Halten Sie Selbstbehalte bei Impfungen überhaupt für empfehlenswert bzw. mit dem
Auftrag der sozialen Krankenversicherung für gesundheitliche Prävention vereinbar?
14. Der Wiener Gesundheitsstadtrat Sepp Rieder hat im Frühjahr (Club 2 am 21 .2.95)
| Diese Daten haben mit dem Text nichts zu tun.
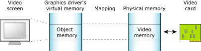 Figure 7. The shared library memory.Object memory represents the areas that map into a program's virtual memory space, but this memory may be associated with a physical device. For example, the graphics driver may map the video card's memory to an area of the program's address space:

zugegeben, daß es allein in Wiens öffentlichen Spitälern eine Warteliste bei
Hüftgelenksoperationen von ungefähr 1.300 Menschen gibt. Ähnlich sieht es bei
anderen Operationen (z.B. Grauer Star) aus. Das bedeutet. daß alle. die es sich leisten
können oder wollen, auf den privaten Markt oder die Kuvertmedizin ausweichen ,
während sich dadurch die Bezieherlnnen niedriger Einkommen die Operation oft erst
erheblich später leisten können.
15. Einzelne Krankenkassen, wie z.B. die Wiener Gebietskrankenkasse, haben mit ihren
Vertragspartnern von der Ärztekammer, eine Vereinbarung getroffen, wonach die
Einnahmen aus der Differenz zwischen normalem und sparsamen Verbrauch zu 60
Prozent an die Ärzteschaft in der Form von Prämien aufgeteilt werden. Diese
Beuteteilung der Versichertenbeiträge zulasten der Versicherten stellt eine äußerst
fragwürdige und unseres Erachtens auch rechtlich problematische Form von
"negativem Selbstbehalt'' dar. In anderen Ländern werden offensichtlich andere
Kriterien an solche Regelungen angelegt. So heißt es in einem Bericht der " Neuen
Zürcher Zeitung'' vom 15.6.95 über eine Tagung der europäischen Dachorganisation
der nationalen Verbände der Arzneimittelhersteller, die im Frühjahr in Kopenhagen
stattfand:
"Als ethisch fragwürdig erschien den Tagungsteilnehmern dann allerdings der von
Nancy Dickey (Vizevorsteherin der American Medical Association) referierte Anreiz,
wonach an gewissen US-Spitälern ein Teil der im Rahmen von Protokollen erzielten
Kostenreduktionen den behandelnden Ärzten zufließen könnte. Da scheinen die
klinisch erlaubten Sparmöglichkeiten den pekuniären Interessen der Ärzte nun doch
etwas zu stark ins Gehege zu kommen. "
Wie beurteilen Sie derartige Vereinbarungen in rechtlicher, aber auch in ethischer
Hinsicht?
Wurde diese Vereinbarung durch das Sozialministerium geprüft?
Wenn nein, warum nicht?
Wenn ja, mit welchem Ergebnis?
16. Wie beurteilen Sie die Ergebnisse einer empirischen Wirksamkeitsanalyse von
Selbstbehalten (Ferdinand Rau, Selbstbeteiligungsregelungen im Gesundheitswesen.
Konstanzer Schriften zur Sozialwissenschaft) , in der es zusammenfassend heißt:
"Hohe Selbstbeteiligungsbelastungen gehen im Jahre 1989 regelmäßig mit
überdurchschnittlichen Gesundheitsausgabenquoten einher, wogegen unter dem
Mittelwert liegende Ausgabenquoten häufiger bei Ländern mit niedrigem
Zuzahlungsniveau auftreten" , bzw. an anderer Stelle" . . .(erwiesen sich) die
Ausgabenquoten der Länder mit geringem Zuzahlungsniveau bei weitem stabiler. . .als
diejenigen der Länder mit hohem Selbstbeteiligungsniveau. "?
Sind Sie bereit, die Praxis von Selbstbehalten im österreichischen
Sozialversicherungs- und Gesundheitswesen zu überdenken und entsprechende
legistische Korrekturen zu entwickeln?